Twenty years ago, when Cathi Du Puy first had the idea of turning her passion for organizing into a profession, her friends were surprised. They'd never heard of anyone paying for help clearing clutter. But Du Puy had seen the future, and it was tidy.

As a part-time home-stager in a real estate office, she knew the dollar value of clearing tabletops and emptying shelves. Martha Stewart Living and O, The Oprah Magazine were singing the gospel of clutter-free living. At the same time, people were filling their homes with more and more possessions. They needed help.

Fast-forward a decade or two, and Du Puy's business, Out of the Closet, is thriving. Organizing is an American passion. Amazon offers more than 10,000 books on the subject. Japanese author Marie Kondo's international sensation, “The Life-Changing Magic of Tidying Up,” along with a manga cartoon version and a sequel, “Spark Joy,” have sold more than 5 million copies.

Today, Du Puy is not alone in her profession. The National Association of Productivity and Organizing Professionals has 3,500 members, with 41 in the Ohio chapter, mostly in Central Ohio (there is also a Cleveland-area chapter). Clients hire members to help with everything from photo organizing to hoarding.

Purging is a special need that all organizers deal with, says chapter president Julie Riber, especially as baby boomers, whose Depression-era parents taught them to keep everything, contemplate transferring their possessions to a more minimalist millennial generation. “China, crystal, all those things that your grandparents' generation acquired, young people don't want it,” she says.

Du Puy sees some of our passion for organizing as rooted in online media. Instagram. Facebook. Pinterest. Houzz. “There's this picture of how everything is supposed to look all the time,” she says. “It's not a magazine that comes once a month. It's every minute.”

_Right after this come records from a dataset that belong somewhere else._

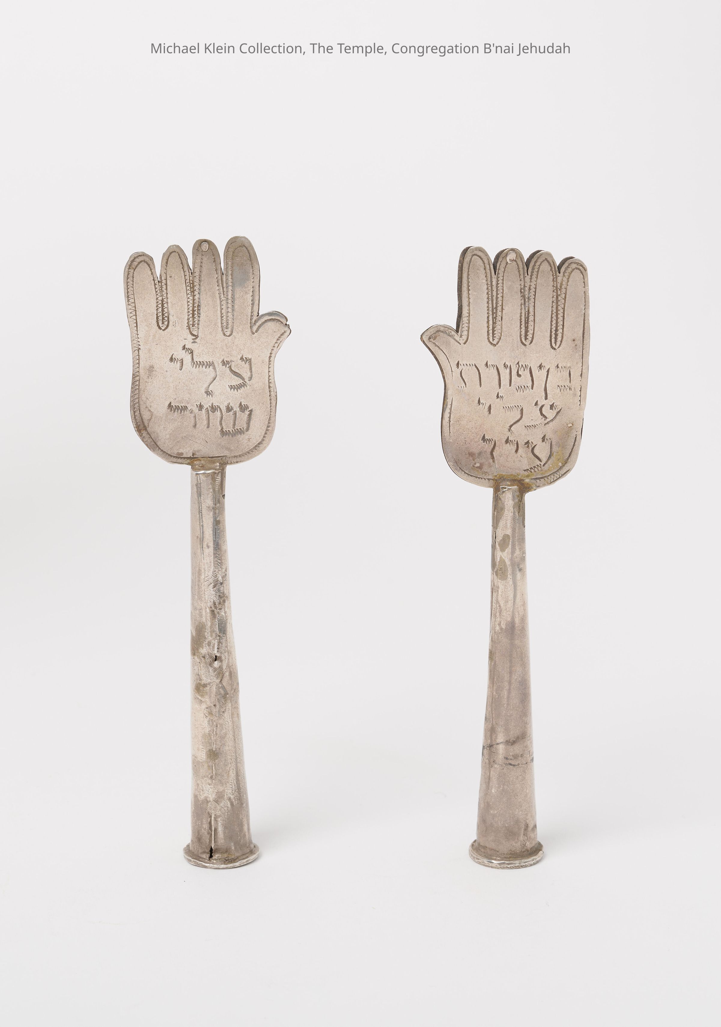 Topped with hamsa-style hands. Engraved with the Kabbalistic Hebrew inscriptions "Ali Shir" and "Ben Porat Alie Ayin." Very rare.Made/Created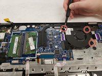 Use the Phillips #00 screw driver head to remove the three 4.6mm screws that secure the fan to the top cover.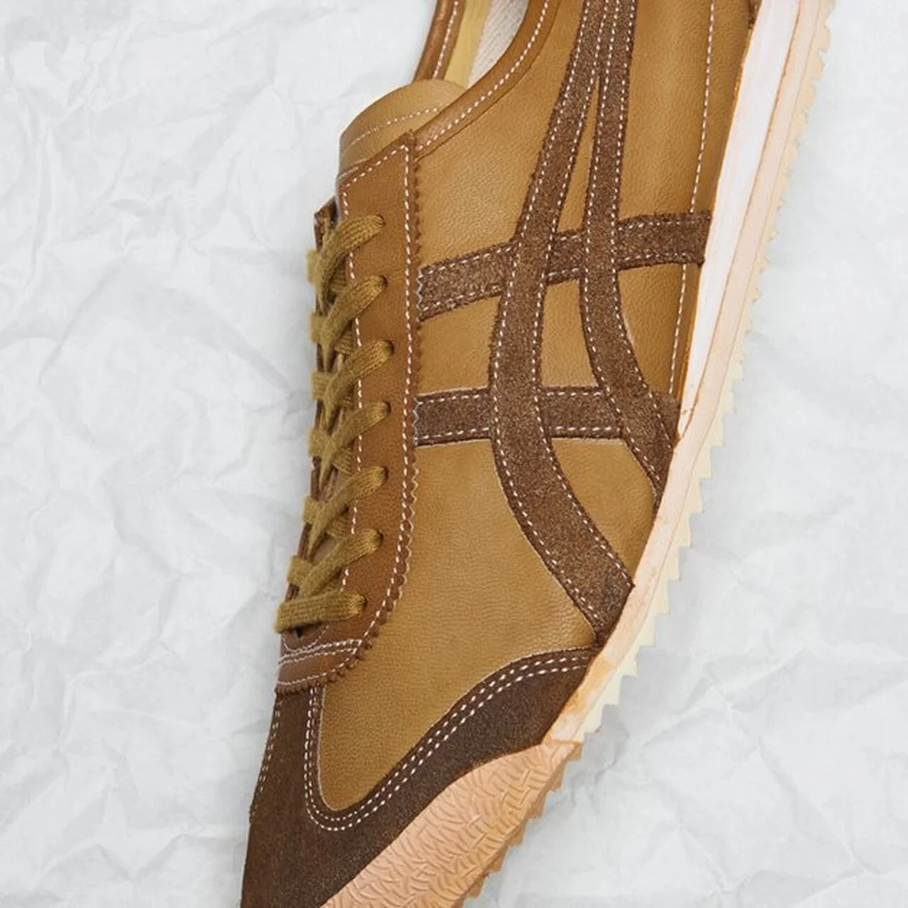 「オニツカタイガーの中でも鳥取の山陰工場でつくられているNIPPON MADEシリーズのメキシコ 66です。ロンドンに行ったときオニツカタイガーを履いている人をたくさん見ました。彼らはストリートのカルチャーではなく、ラグジュアリーなヨーロッパの空気感で選んでいるんですよね。改めてメキシコ 66を手に取ると、今の薄底ブームやラグジュアリーブランドの薄底シューズとも重なって、クラシックだけれども新鮮に見えます」。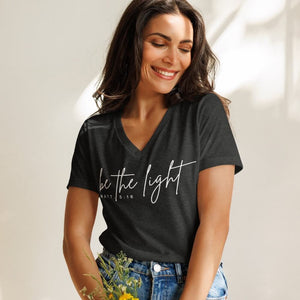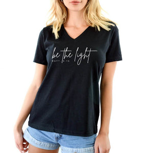 Be The Light V-neck T-shirt. Embrace ultimate comfort with this women’s V-neck Christian t-shirt.  With an encouraging faith-based message and sleek design, it's a stylish way to share your faith!   This women's V-neck t-shirt is a soft fabric and relaxed fit, creating a classic everyday look, with the V-neck adding a touch of style.

Some hire Du Puy to help tame their tangle of possessions during a move or a transition: divorce, death, the birth of a child. For others, she's simply part of the professional household team: the florist, the gardener, the organizer. “They trust me. I'm not going to walk out with the silver. I'm not going to blab about what I saw in their house.”

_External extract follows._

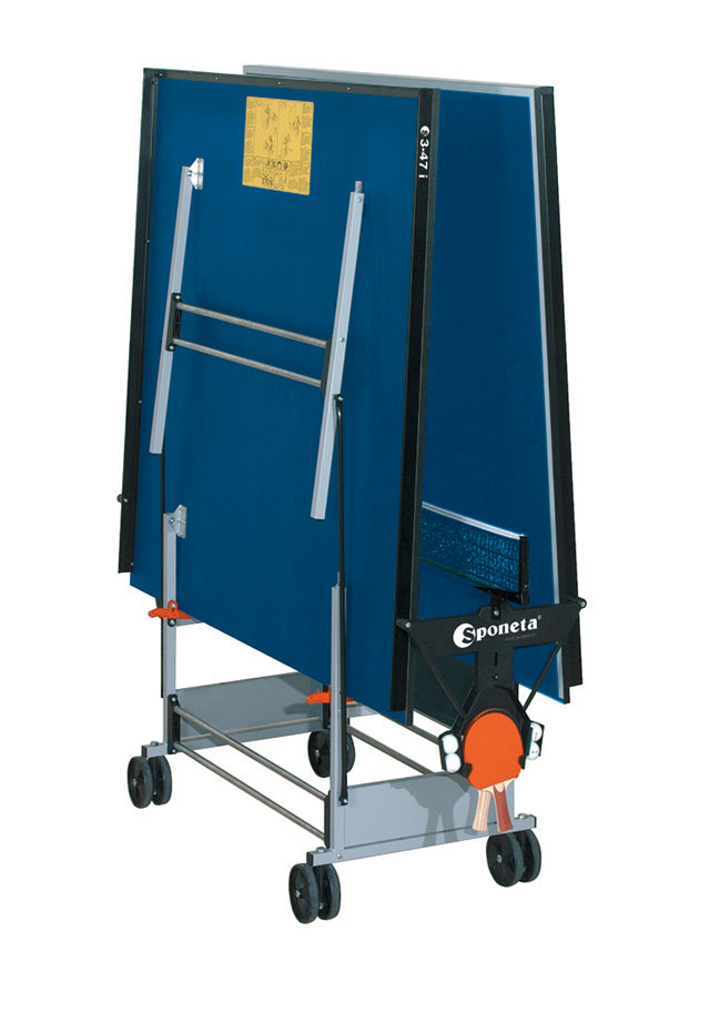Pingpongový stôl Sponeta S3-47i je kvalitný stôl určený na tréningové účely alebo pre náročnejších rekreačných hráčov. Stôl je tak kvalitný, že naň poskytujeme predĺženú záruku na 3 roky. Stôl je určený na použitie v interiéri. Má brúsený povrch na 19 mm hrubej doske. Táto doska už zaručuje konzistentný výkon pri rekreačnej hre na vyššej úrovni. Doska je vystužená 36 mm oceľovým rámom, ktorý stôl ešte viac spevňuje. Nohy stola sú vyrobené z ocele. Stôl je vystužený kovovými tyčami. Vnútorná časť stola je vybavená štyrmi kolieskami na manipuláciu v zloženom stave. Uprostred stola je držiak na pálky a loptičky. Súčasťou stola je sieťka a držiak na sieťku. Balenie stola je v kartóne, hmotnosť stola je 75 kg, hmotnosť vrátane obalu je 79 kg. Rozmery stola v rozloženom stave sú 274 x 152,5 x 76 cm, celková výška v zloženom stave na manipuláciu je 153 (184 cm vrátane zachovaných držiakov siete) x 65 cm x 189 cm vrátane výšky koliesok. Rozmery zabaleného stola sú 162 x 144 x 11,5 cm. Dostupné v MODREJ farbe.

The field of organizing has grown so large that it's spawned differing philosophies. While many organizers focus on managing the mess, the Marie Kondo approach is more radical. Retired Bexley psychiatrist Marty Ross-Dolen, taken with the approach, traveled to New York to meet Kondo in her first American appearance. “It's about letting your stuff go,” Ross-Dolen says. “It's literally about what brings you joy, and if it doesn't, you've got to let it go.” The first time she KonMari-ed her clothing (the term Kondo uses for her method), she earned $1,000 at a consignment shop. She loves her empty dresser drawers.

“I cannot stand having stuff that doesn't spark joy anymore,” she says.